These standards were intended (1) to define parameters for reviewing authorities to use in evaluations of wastewater treatment facility plans and specifications and (2) to reasonably establish uniformity among the Great Lakes – Upper Mississippi River Board’s members, which included U.S. states and Canadian provinces. Over the years, additional U.S. states have adopted guidelines based on these original standards. 

Throughout the following decades, the standards — commonly referred to as Ten State Standards —were revised and updated with conventional municipal wastewater treatment facilities in mind. 

Ten State Standards

Figure 1: Ten State Standards.

The Ten State Standards cover a wide range of topics, from wastewater treatment facility engineering reports and facility plans to actual wastewater treatment processes such as flow equalization, activated sludge, and sludge storage. They also define criteria for aeration or mixing equipment for these processes. 

 

Ten State Standards Limitations 

Since reviewing authorities have adopted Ten State Standards or similar standards as the basis for evaluating or approving wastewater treatment facility plans and specifications, consulting engineers typically develop equipment designs around the same standards to minimize rejection of their plans and specifications.

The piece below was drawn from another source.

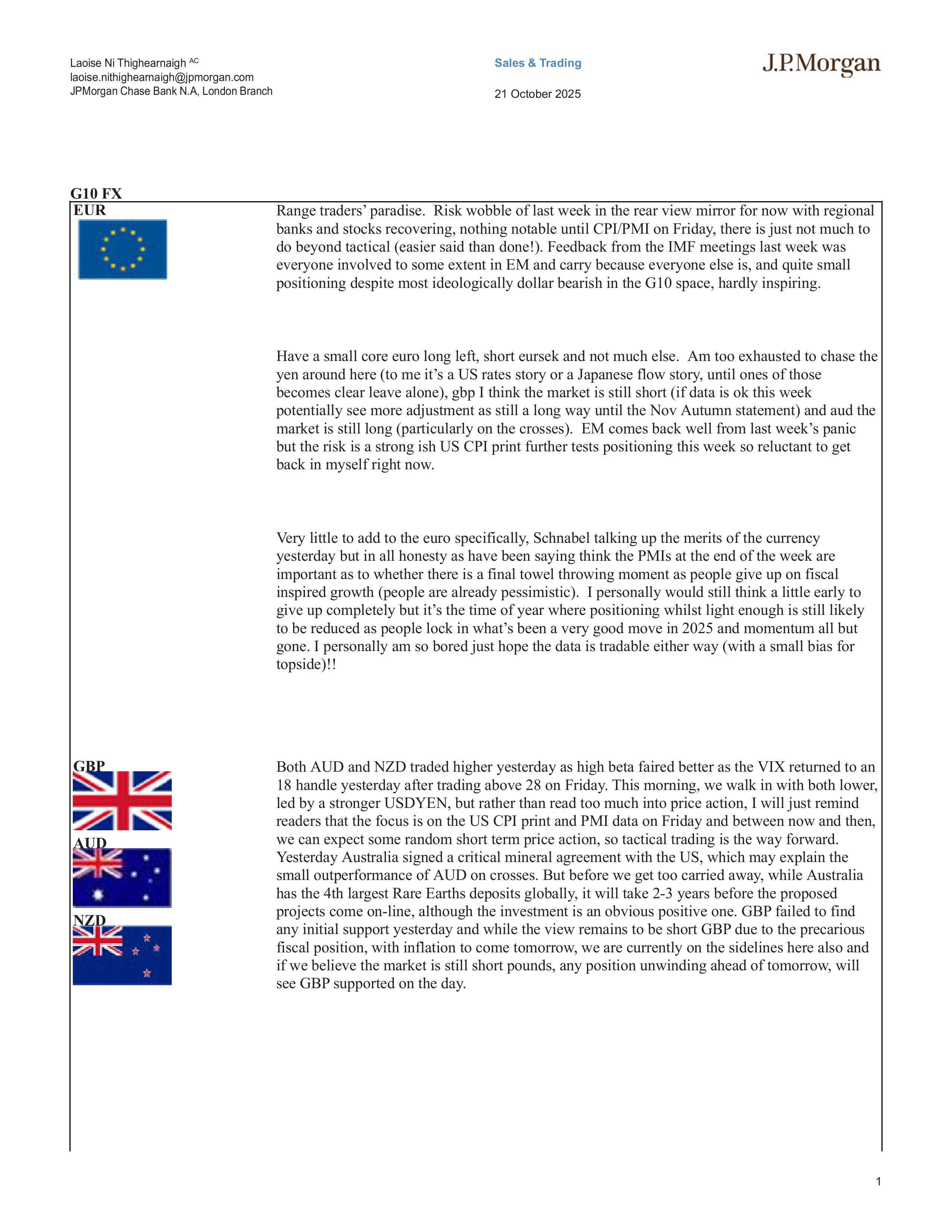 JPM London G10 FX Spot Desk for EURUSD, GBPUSD (Oct. 21th)

As an example, standard design criteria for flow equalization basins states that aeration or mechanical equipment should be provided to maintain adequate mixing. Aeration equipment should be sufficient to maintain a minimum of 1 mg/l of dissolved oxygen in the basin’s contents, and air supply rates should be a minimum of 1.25 cfm per 1000 gallons of storage capacity. This equates to approximately 0.5 horsepower per 1000 ft3 of tank volume.

In another example, standard design criteria states that mixing equipment should be designed to provide vigorous agitation within the tank, maintain solids in suspension, and provide a homogeneous mixture. Mixing may be accomplished either by diffused air or mechanical mixers. If diffused aeration is used, an air supply of 30 cfm per 1000 ft3 of mixing tank volume should be provided, requiring an energy input of approximately 1.5 horsepower per 1000 ft3 of tank volume.

In both examples, broad generalizations are made regarding the process and equipment design requirements. Moreover, the focus is on one type of technology, diffused aeration, without any reference to alternative technologies. Seemingly, the standards dictate that all applications should be treated the same regardless of site-specific requirements. This limited perspective leads design engineers to follow the guidelines without consideration of alternative technologies that may be more energy efficient, lower maintenance, or generally in the best interest of the end user.

The Ten State Standards’ board acknowledges that it is not possible to cover innovative processes and equipment in the design criteria. However, their policy is to encourage, rather than obstruct, the development of new processes and equipment. 

 

Diffused Aeration

Aeration represents one of the most energy intensive operations in municipal wastewater treatment, accounting for 50-90% of a treatment facility’s total energy costs. In a typical diffused aeration application, air is delivered by aeration blowers (positive displacement or multistage centrifugal) through a diffused aeration system (fine or coarse bubble) which shears the air into relatively small bubbles. The small bubbles provide both the transfer of oxygen needed for treatment and complete mixing of the tank’s contents, keeping the microorganisms or solids suspended.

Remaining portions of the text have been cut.